TASK TO COMPLETE:
Starting at the line below with "6 tall glasses" and stopping at the line with "AE77 Premium Silk Bubble Blouse – Black", please print each line exactly, those two included, and skip every picture.

Segment Start: DATA IN THIS EXERCISE

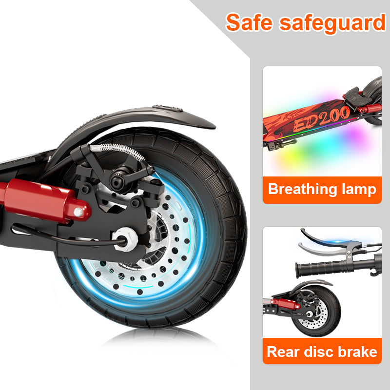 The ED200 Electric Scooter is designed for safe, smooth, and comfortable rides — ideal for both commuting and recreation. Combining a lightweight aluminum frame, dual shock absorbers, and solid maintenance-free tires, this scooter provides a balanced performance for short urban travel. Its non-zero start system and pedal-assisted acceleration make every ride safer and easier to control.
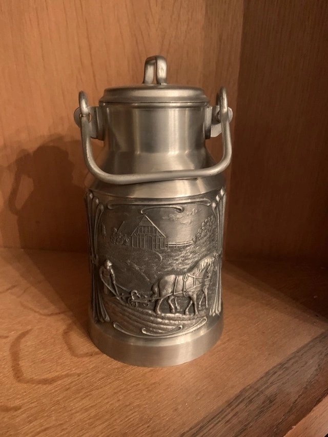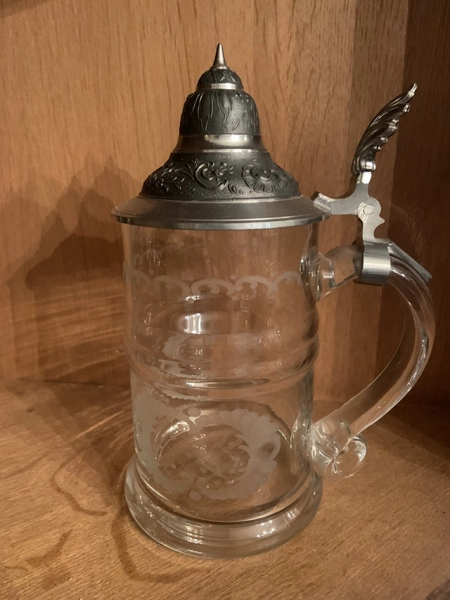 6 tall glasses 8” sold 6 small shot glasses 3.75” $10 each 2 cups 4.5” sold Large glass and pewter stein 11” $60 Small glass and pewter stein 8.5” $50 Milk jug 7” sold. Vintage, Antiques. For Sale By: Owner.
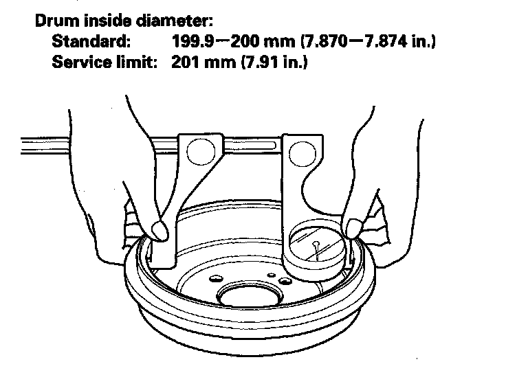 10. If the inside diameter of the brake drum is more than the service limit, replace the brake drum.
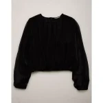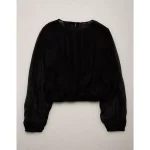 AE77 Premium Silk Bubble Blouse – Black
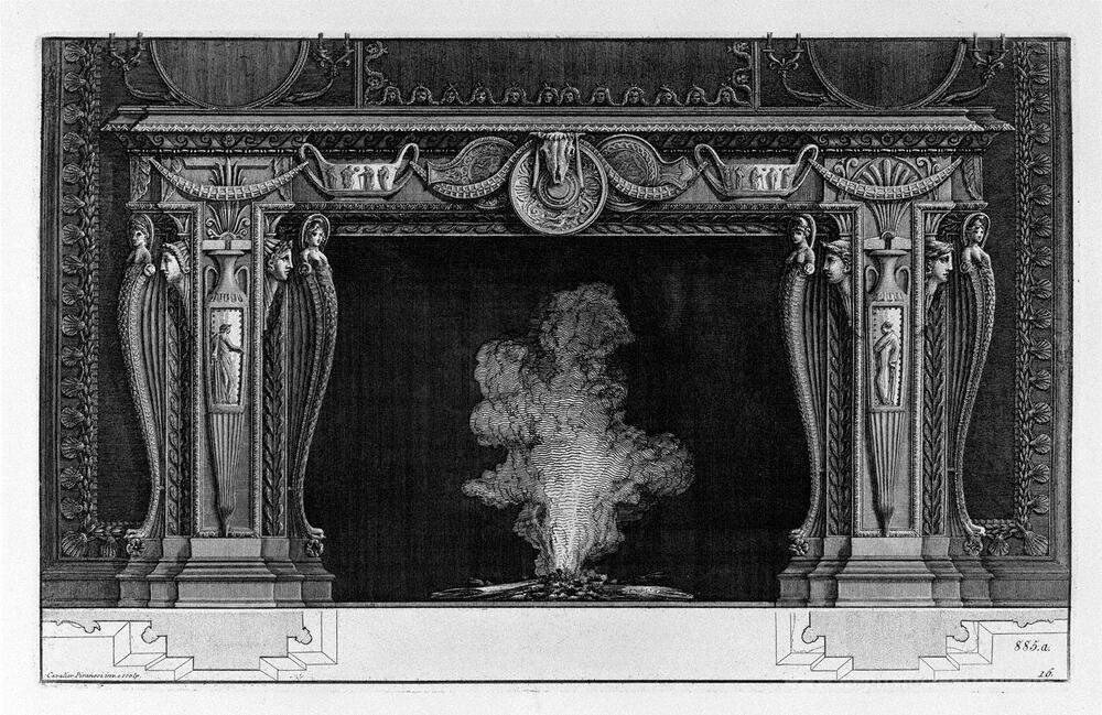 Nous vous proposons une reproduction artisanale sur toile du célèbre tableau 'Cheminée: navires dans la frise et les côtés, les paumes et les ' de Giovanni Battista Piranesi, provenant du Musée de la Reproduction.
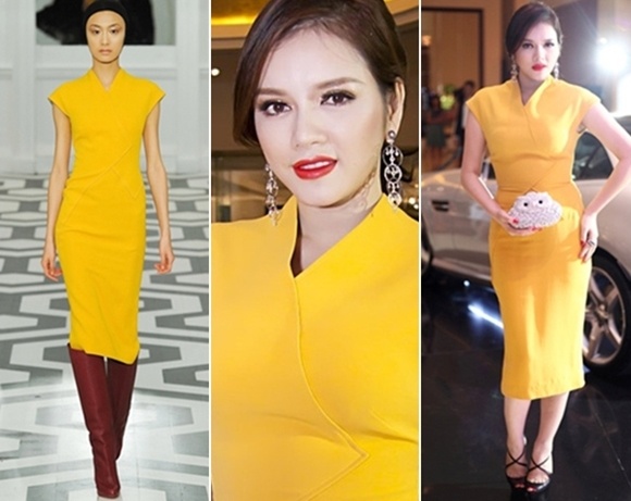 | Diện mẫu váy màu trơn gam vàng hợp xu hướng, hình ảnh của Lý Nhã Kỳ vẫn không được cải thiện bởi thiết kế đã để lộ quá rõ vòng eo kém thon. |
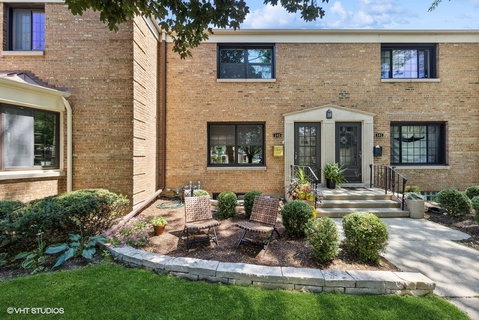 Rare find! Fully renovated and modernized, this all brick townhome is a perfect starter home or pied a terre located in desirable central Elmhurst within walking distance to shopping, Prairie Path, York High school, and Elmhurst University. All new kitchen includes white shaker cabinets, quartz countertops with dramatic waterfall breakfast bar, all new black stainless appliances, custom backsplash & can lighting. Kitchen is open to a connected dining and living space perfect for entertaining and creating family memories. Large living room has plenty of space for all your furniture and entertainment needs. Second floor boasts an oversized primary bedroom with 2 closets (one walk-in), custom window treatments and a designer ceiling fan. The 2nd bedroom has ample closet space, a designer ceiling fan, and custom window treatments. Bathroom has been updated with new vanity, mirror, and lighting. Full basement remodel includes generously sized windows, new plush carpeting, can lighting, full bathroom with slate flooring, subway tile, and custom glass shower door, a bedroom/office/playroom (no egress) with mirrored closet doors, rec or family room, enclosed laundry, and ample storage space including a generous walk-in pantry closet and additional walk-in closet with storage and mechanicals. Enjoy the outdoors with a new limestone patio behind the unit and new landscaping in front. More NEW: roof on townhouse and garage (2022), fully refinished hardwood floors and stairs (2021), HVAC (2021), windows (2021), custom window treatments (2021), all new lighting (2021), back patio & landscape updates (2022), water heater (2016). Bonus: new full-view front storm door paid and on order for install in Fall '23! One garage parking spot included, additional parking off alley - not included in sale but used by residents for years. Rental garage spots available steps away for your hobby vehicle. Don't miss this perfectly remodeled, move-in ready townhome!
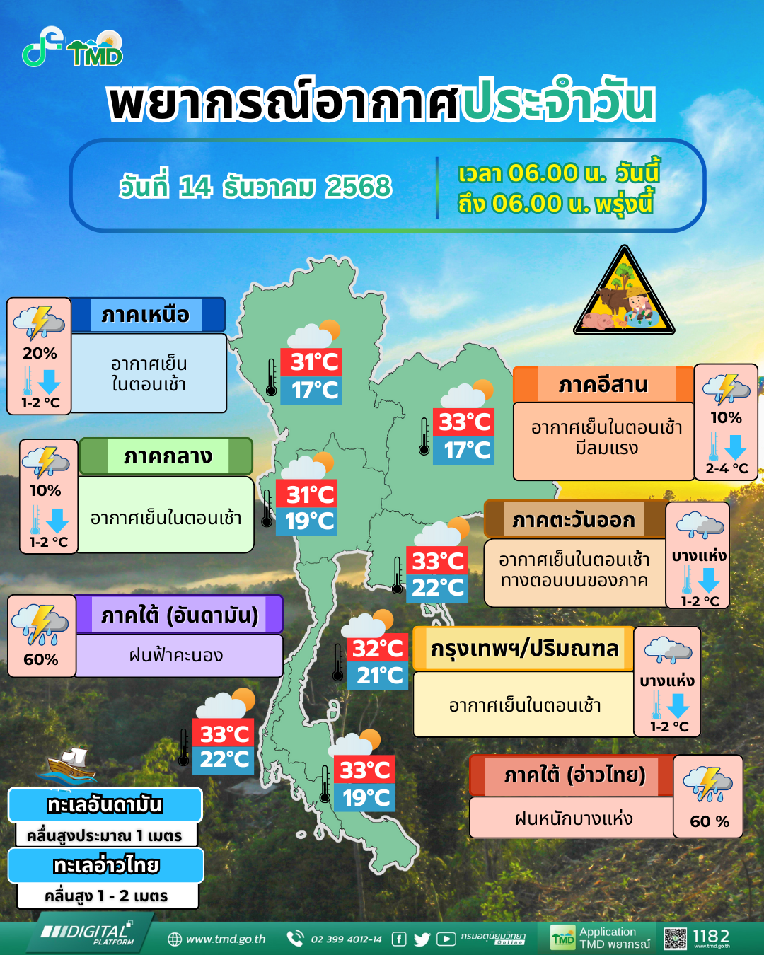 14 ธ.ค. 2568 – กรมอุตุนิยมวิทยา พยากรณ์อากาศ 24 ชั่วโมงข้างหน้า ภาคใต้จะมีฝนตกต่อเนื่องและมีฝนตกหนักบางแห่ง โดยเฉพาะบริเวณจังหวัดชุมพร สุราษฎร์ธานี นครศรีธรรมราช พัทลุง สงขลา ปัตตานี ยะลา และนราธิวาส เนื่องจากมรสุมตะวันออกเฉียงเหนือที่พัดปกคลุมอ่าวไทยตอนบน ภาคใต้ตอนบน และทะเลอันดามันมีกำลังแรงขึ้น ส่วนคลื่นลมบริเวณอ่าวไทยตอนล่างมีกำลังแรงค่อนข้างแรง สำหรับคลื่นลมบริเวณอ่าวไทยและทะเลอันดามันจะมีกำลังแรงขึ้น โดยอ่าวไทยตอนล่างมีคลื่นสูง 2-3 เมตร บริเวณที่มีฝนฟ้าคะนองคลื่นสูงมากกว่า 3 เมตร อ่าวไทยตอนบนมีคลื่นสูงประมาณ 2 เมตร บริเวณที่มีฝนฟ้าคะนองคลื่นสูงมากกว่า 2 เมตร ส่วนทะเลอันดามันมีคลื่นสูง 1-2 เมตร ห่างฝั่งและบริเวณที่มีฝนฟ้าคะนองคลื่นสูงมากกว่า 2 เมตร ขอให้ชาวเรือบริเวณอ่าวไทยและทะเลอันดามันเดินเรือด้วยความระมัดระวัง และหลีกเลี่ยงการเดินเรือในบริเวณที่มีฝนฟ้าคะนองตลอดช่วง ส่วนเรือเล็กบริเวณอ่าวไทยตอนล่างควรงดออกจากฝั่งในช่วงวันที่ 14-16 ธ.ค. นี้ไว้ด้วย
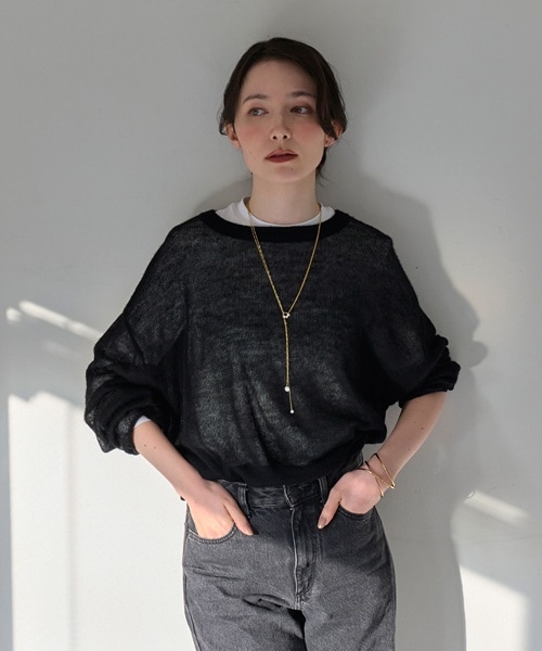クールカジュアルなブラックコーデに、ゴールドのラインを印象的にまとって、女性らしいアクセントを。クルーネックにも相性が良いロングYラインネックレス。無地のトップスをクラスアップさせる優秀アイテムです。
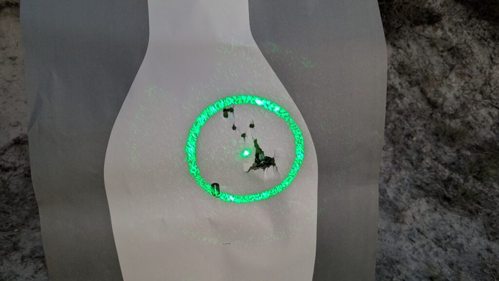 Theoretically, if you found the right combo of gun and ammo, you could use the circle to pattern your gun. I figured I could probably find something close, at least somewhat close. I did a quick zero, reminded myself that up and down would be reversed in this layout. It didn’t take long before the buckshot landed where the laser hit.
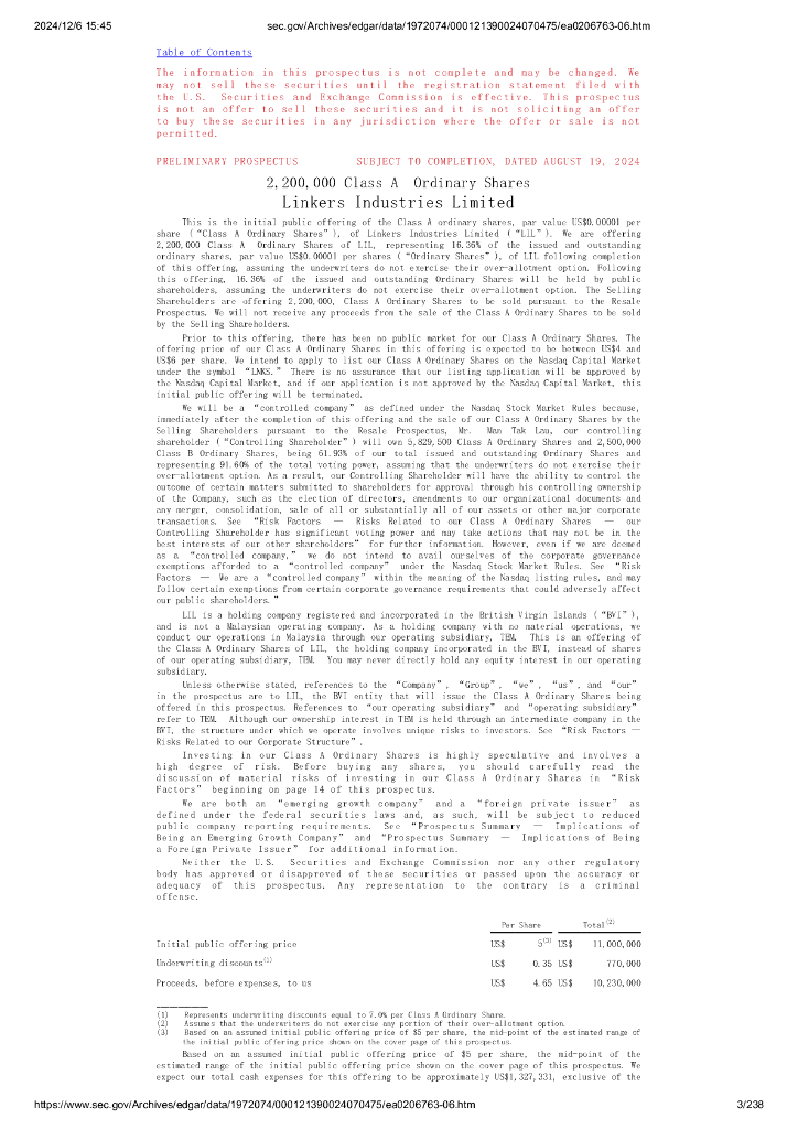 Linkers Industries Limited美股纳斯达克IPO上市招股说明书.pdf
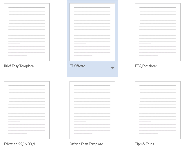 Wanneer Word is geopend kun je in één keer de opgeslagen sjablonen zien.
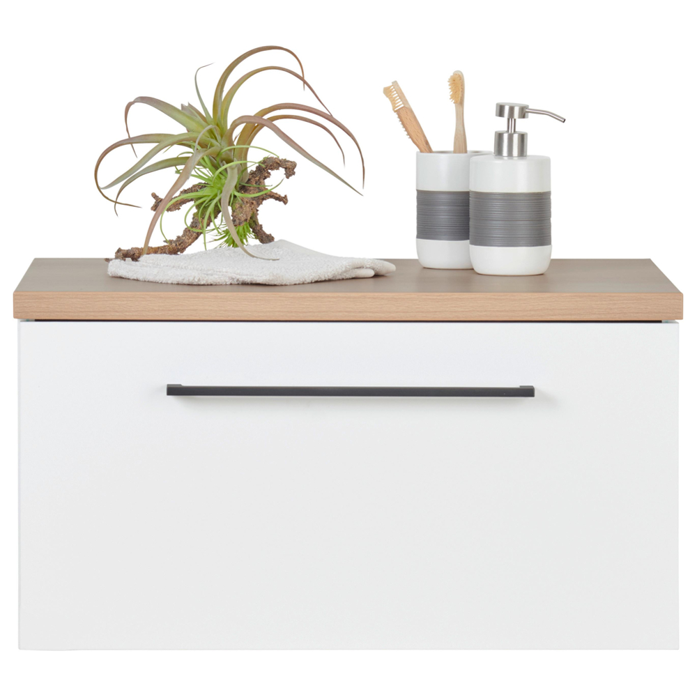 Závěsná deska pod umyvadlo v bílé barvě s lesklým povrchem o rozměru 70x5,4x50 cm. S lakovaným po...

Segment End: DATA IN THIS EXERCISE

ANSWER BOX:
 6 tall glasses 8” sold 6 small shot glasses 3.75” $10 each 2 cups 4.5” sold Large glass and pewter stein 11” $60 Small glass and pewter stein 8.5” $50 Milk jug 7” sold. Vintage, Antiques. For Sale By: Owner.
 10. If the inside diameter of the brake drum is more than the service limit, replace the brake drum.
 AE77 Premium Silk Bubble Blouse – Black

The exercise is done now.